Introduction

Agrobacterium-mediated plant transformation is the most popular and reliable method for introducing foreign genes into plants. Although monocots are not natural hosts for Agrobacterium, recent production of transgenic cereals has also been achieved by Agrobacterium-mediated transformation (Chan et al. 1992; Hiei et al. 1994; Ishida et al. 1996; Cheng et al. 1997). Agrobacterium transports a single stranded T-DNA carrying foreign genes into the plant genome: the T-DNA is delimited by 25-bp direct repeats, referred to as right border (RB) and left border (LB) sequences, which flank the DNA of interest. It has generally been postulated that T-DNA integration is initiated from the RB and terminated at the LB. The structure of the junctions between T-DNA and plant DNA has been extensively studied in transgenic dicotyledonous plants (Krizkova and Hrouda 1998; Buck et al. 1999; Windels et al. 2003) and in monocot plants (Kumar and Fladung 2002; Kim et al. 2003). These analyses showed that insertions of filler DNA and small deletions can occur at the junctions. Vector backbone sequences were also frequently observed in the regions flanking the T-DNA (Martineau et al. 1994; Kononov et al. 1997). Recent studies of transgene integration and organization have been reviewed by Kohli et al. (2003).

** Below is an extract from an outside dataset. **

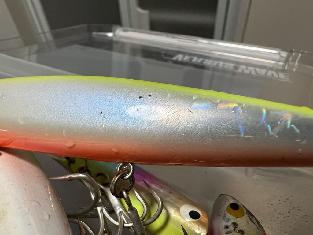 ルアーに歯形だけがどんどんと刻み込まれます。

Binary vectors related to bacterial artificial chromosome (BAC) vectors, such as the binary BAC (BIBAC) and transformation-competent artificial chromosome (TAC), which can be used in Agrobacterium-mediated plant transformation, have been developed to transfer large DNA fragments into plant chromosomes (Hamilton et al. 1996; Liu et al. 1999). In addition, Tao and Zhang (1998) reported that over 100-kb segments of DNA could be inserted in conventional binary vectors. Transformation-ready large-insert libraries have been constructed to date for Arabidopsis thaliana (Liu et al. 1999), Brassica napus (Cui et al. 2000), tomato (Hamilton et al. 1999), wheat (Moullet et al. 1999; Liu et al. 2000), and petunia (McCubbin et al. 2000). These libraries are useful resources for introducing large and complex genomic regions bearing whole sets of genes into important crops, as well as for complementation analyses during map-based cloning. The progressive introduction of large foreign genomic fragments into plant genomes, which we refer to as ‘genome fusion’, would be a fascinating strategy for creating new crops by molecular breeding.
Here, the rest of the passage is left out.